For both classification tasks, the classifier method was the most significant contribution to variability in predictive performance. A trend has commonly been observed in radiomic studies investigating machine learning models using different classifiers and feature selection methods [22]. Oppositely, Wang et al. observed that the dimensionality reduction method plays a larger role in predictive performance variability [24]. Our study has also investigated the role the number of dimensions has in variability, and it was found that it has a larger role than the dimensionality reduction method used. To our knowledge, no other studies have investigated this factor’s effect on predictive performance.
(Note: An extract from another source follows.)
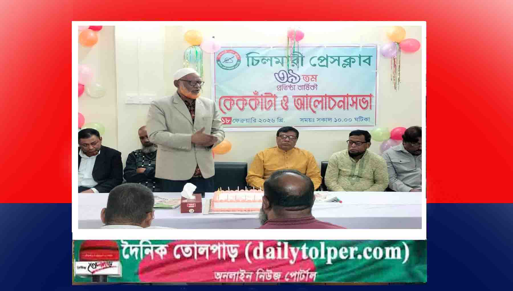 কুড়িগ্রামের চিলমারিতে বিভিন্ন আয়োজনের মধ্য দিয়ে "চিলমারী প্রেসক্লাবের ৩৯তম প্রতিষ্ঠা বার্ষিকী পালিত হয়েছে। বুধবার (১৮ই ফেব্রুয়ারী) সকাল ১১টার দিকে প্রেসক্লাব কক্ষে কেক কাটা ও আলোচনা সভা অনুষ্ঠিত হয়েছে। চিলমারী প্রেসক্লাবের সভাপতি, নজরুল ইসলাম সাবুর সভাপতিত্বে ও সাংগঠনিক সম্পাদক সাওরাত হোসেন সোহেলের সঞ্চালনায়।

Some limitations of our study are as follows. Regarding image preprocessing, we have only utilized a simple method of intensity normalization (Z-score) due to its availability in Pyradiomics. Unlike CT imaging, MRI intensity is expressed in arbitrary units, necessitating intensity standardization before radiomic analysis. More sophisticated intensity normalization methods, such as histogram-based method [32], should be explored in future studies. In addition, we have not taken advantage of classifier hyperparameter tuning and instead relied on default hyperparameter settings to save on computational costs. Future studies should employ hyperparameter tuning to increase predictive performance and stability. While our research explores our classifiers’ stability, it should be noted that RSD is only an empirical method that should not be directly compared with other studies but only as a relative reference between classifiers in a given study. Additionally, our definition of a top classifier is relative to other classifiers studied, so it should not be taken as all-encompassing.

4. Conclusion

In this study, we investigate two machine learning classification tasks using radiomic features: (i) prediction of tumor grade (higher-grade vs. lower-grade gliomas) and (ii) prediction of overall survival in higher-grade gliomas (<12 months vs. > 12 months). These tasks are attempted using machine learning models constructed with various classifier methods and dimensionality reduction techniques. Models are assessed in terms of their predictive performance and stability using a bootstrap approach. Our results demonstrate that for both classification tasks, among dimensionality reduction methods, FA yielded the highest predictive performance. Similarly, MLP, LR, and KNN produced the highest predictive performance and stability among classifier methods. In addition, DT tended to perform poorly for both classification tasks. This possibly points to an underlying radiomic structure in the BraTS dataset that is preferentially fit by specific machine learning models. Where results start to diverge significantly is in the implementation of the SVM classifier. For the grade classification task, SVMs tend to perform relatively well with all feature selection methods except ICA. For the survival classification task, SVMs tend to perform poorly with all feature selection methods except FA. Interestingly, previous studies in different cancer types have suggested RF to be the best classifier method for radiomics studies. Still, it does not score among the best classifier methods for either task in our research.

Data Availability

The raw/processed data required to reproduce these findings cannot be shared at this time as the data also forms part of an ongoing study.

Conflicts of Interest

The authors declare that they have no conflicts of interest regarding the publication of this paper.

Acknowledgments

This work was funded in part by the National Natural Science Foundation of China (Grant nos. 62072413 and 61602419), in part by the Natural Science Foundation of Zhejiang Province of China (Grant no. LY16F010008), in part by Medical and Health Science and Technology Plan of Zhejiang Province of China (Grant no. 2019RC224), and also in part by the Teacher Professional Development Project of Domestic Visiting Scholar in Colleges and Universities of Zhejiang Province of China (Grant nos. 2020-19 and 2020-20).